Why not? If you look at for example:

https://github.com/monarch-initiative/mondo-ingest/blob/main/src/ontology/mondo-ingest.Makefile#L39

COMP=false should prevent components to be rebuild. Or are you saying a non-component goals still needs too much memory?

joeflack4 commented 1 year ago

Hmm, maybe I was running it the wrong way. I tried: COMP=false sh run.sh make test

I was thinking that the order of the flag shouldn't matter, but I'll try the below one now. sh run.sh make COMP=false test

Here's all that remains from the log from yesterday. You can see it's doing something with tmp/component-download-ncit.owl.owl.

Log

``` --update ../sparql/fix_complex_reification.ru \ remove -T config/properties.txt --select complement --select properties --trim true \ annotate --ontology-iri http://purl.obolibrary.org/obo/mondo/sources/icd10who.owl --version-iri http://purl.obolibrary.org/obo/mondo/sources/2023-09-11/icd10who.owl -o components/icd10who.owl; fi if [ true = true ] && [ true = true ]; then robot --catalog catalog-v001.xml merge -I http://purl.obolibrary.org/obo/ncit.owl \ annotate --ontology-iri http://purl.obolibrary.org/obo/mondo-ingest/component-download-ncit.owl annotate -V http://purl.obolibrary.org/obo/mondo-ingest/releases/2023-09-11/component-download-ncit.owl --annotation owl:versionInfo 2023-09-11 -o tmp/component-download-ncit.owl.owl; fi if [ true = true ]; then robot --catalog catalog-v001.xml query -i "tmp/component-download-ncit.owl.owl" -q "../sparql/ncit-relevant-signature.sparql" tmp/ncit_relevant_signature.txt; fi if [ false = false ] && [ true = true ]; then robot --catalog catalog-v001.xml remove -i tmp/component-download-ncit.owl.owl --select imports \ rename --mappings config/property-map-1.sssom.tsv --allow-missing-entities true \ rename --mappings config/property-map-2.sssom.tsv --allow-missing-entities true \ query --update ../sparql/rm_xref_by_prefix.ru \ remove -T tmp/ncit_relevant_signature.txt --select complement --select "classes individuals" --trim false \ remove -T config/properties.txt --select complement --select properties --trim true \ remove --term "http://purl.obolibrary.org/obo/NCIT_C179199" --axioms "equivalent" \ annotate --ontology-iri http://purl.obolibrary.org/obo/mondo/sources/ncit.owl --version-iri http://purl.obolibrary.org/obo/mondo/sources/2023-09-11/ncit.owl -o components/ncit.owl; fi Killed make: *** [mondo-ingest.Makefile:73: components/ncit.owl] Error 137 Command exited with non-zero status 2 ### DEBUG STATS ### Elapsed time: 39:55.68 Peak memory: 15397432 kb ```

I believe I also tried SKIP_HUGE=true earlier as well, but I'm not 100% certain.
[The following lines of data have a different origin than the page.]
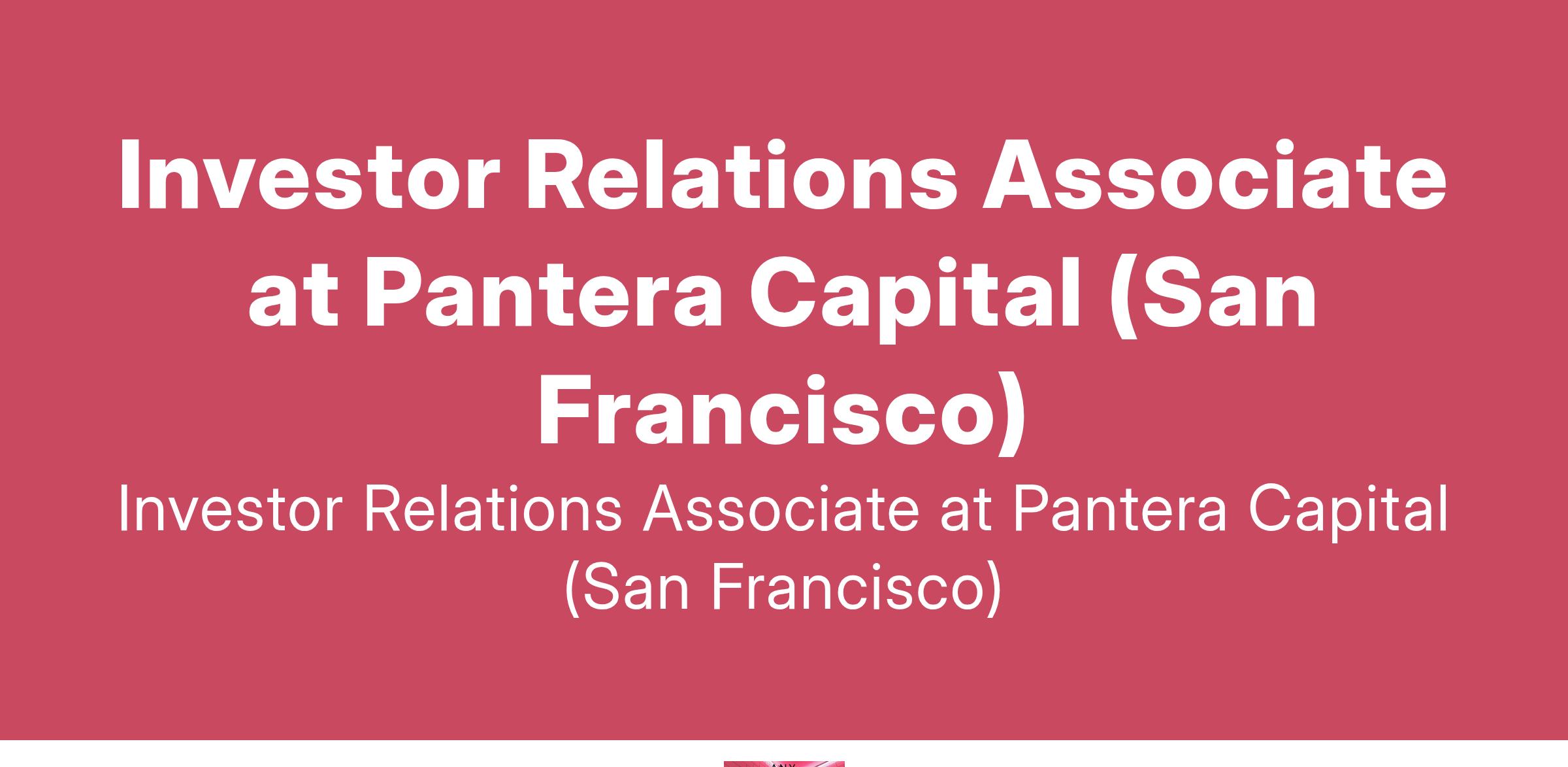 Investor Relations Associate at Pantera Capital (San Francisco)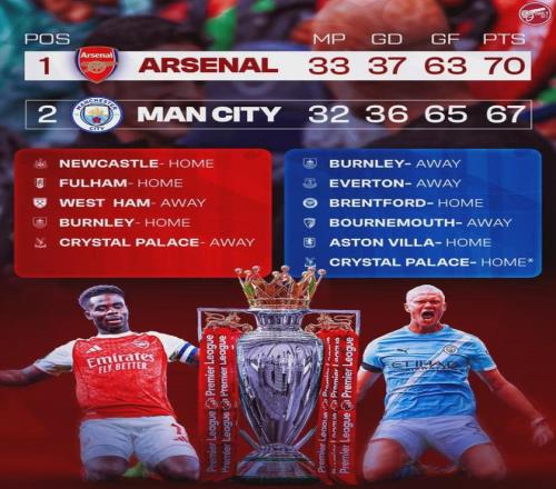 阿森納和曼城剩余賽程對比。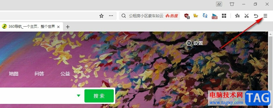 1、第一步,我们点击打开360极速浏览器之后,在页面右上角点击打开“三”图标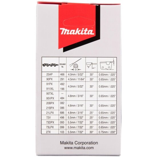 | Дополнительная информация | Цепь Makita 196213-0 16" 3/8" 1.3 мм 56 звен. |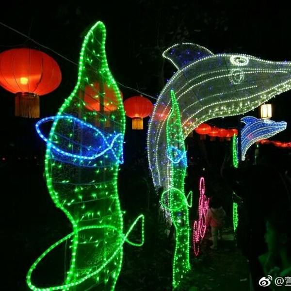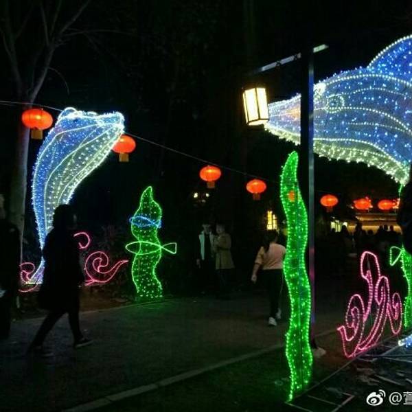 一路闲聊漫谈,感叹时光荏苒,又是一年元宵时。也发现今年芝山公园很多花灯创意小细节。比如利用高低山势做成的动态银光瀑布,小二垂钓处,一条红色鲤鱼跃龙门,再如海草和海豚相呼应的蓝色走廊。
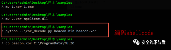 由此知道了样本3的上一层编码方法,对下载到本地的样本3进行两次解码,两次解码key分别为"POLICE"和"kuailele",得到一个beacon.bin文件,该文件即公鸡队生成的stageless shellcode文件。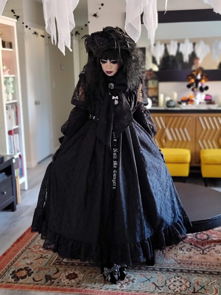 I am not a historical costumer, but there are many overlaps when it comes to these garments and what I like to wear. I like to wear them when it suits my fancy, and it may or may not be the correct era. I wore this brooch with this outfit as kind of a reference to victorian era mourning wear.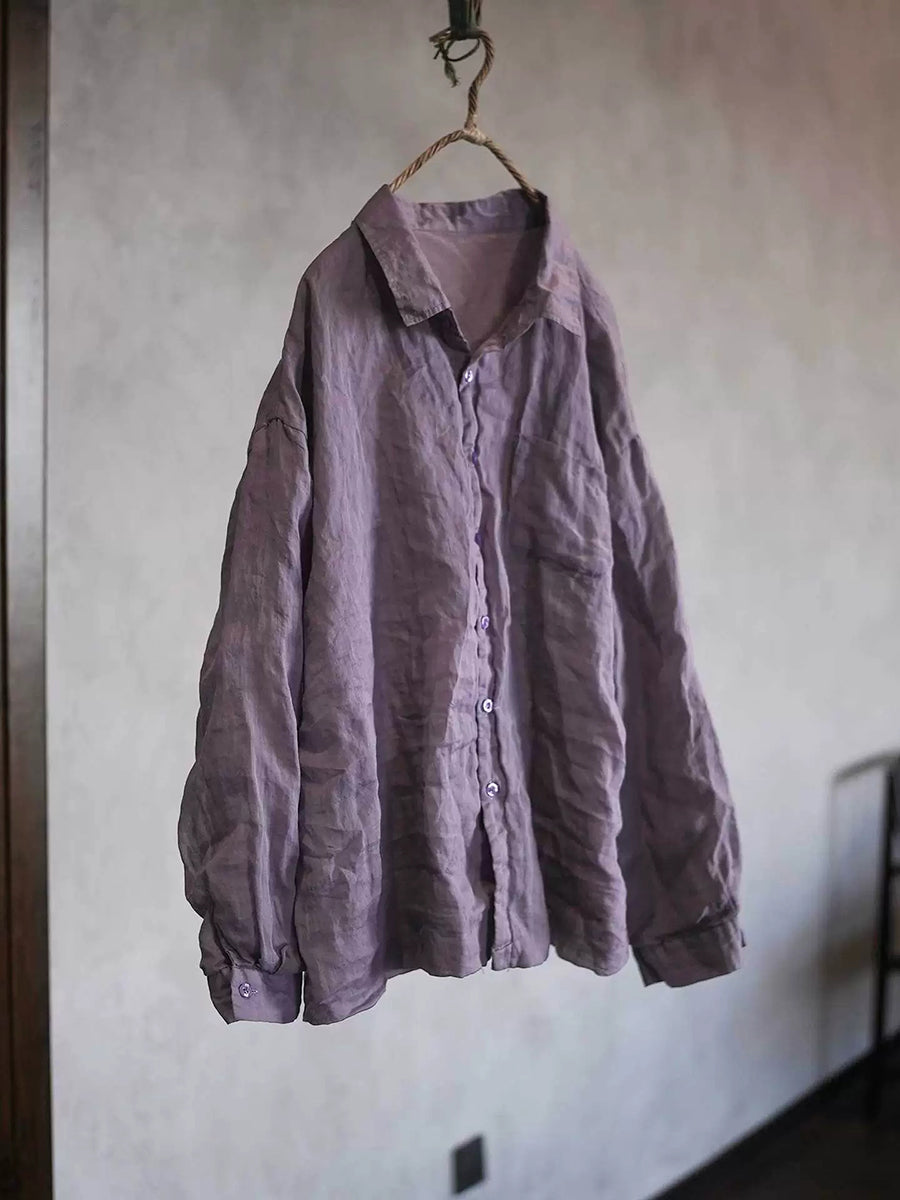 Women Spring Pure Color Turn-down Collar Ramie Shirt

matentzn commented 1 year ago

COMP=false sh run.sh make test

If you do this, you are passing the COMP parameter to the shell script, not make. The second solution is the right one.

"Killed" means it ran out of memory, or rather, not often than not, that you gave more memory to the robot process (check run.sh) then you allocated to docker. Always make sure you are 15-20% below docker Max.

joeflack4 commented 1 year ago

Yeah I should have tried that earlier. It passed:

Finished running all tests successfully.
Elapsed time: 14:30.81
Peak memory: 8562068 kb

I know about Killed. I'll jot down a note about that robot memory mismatch.. good to remember if it ever comes up.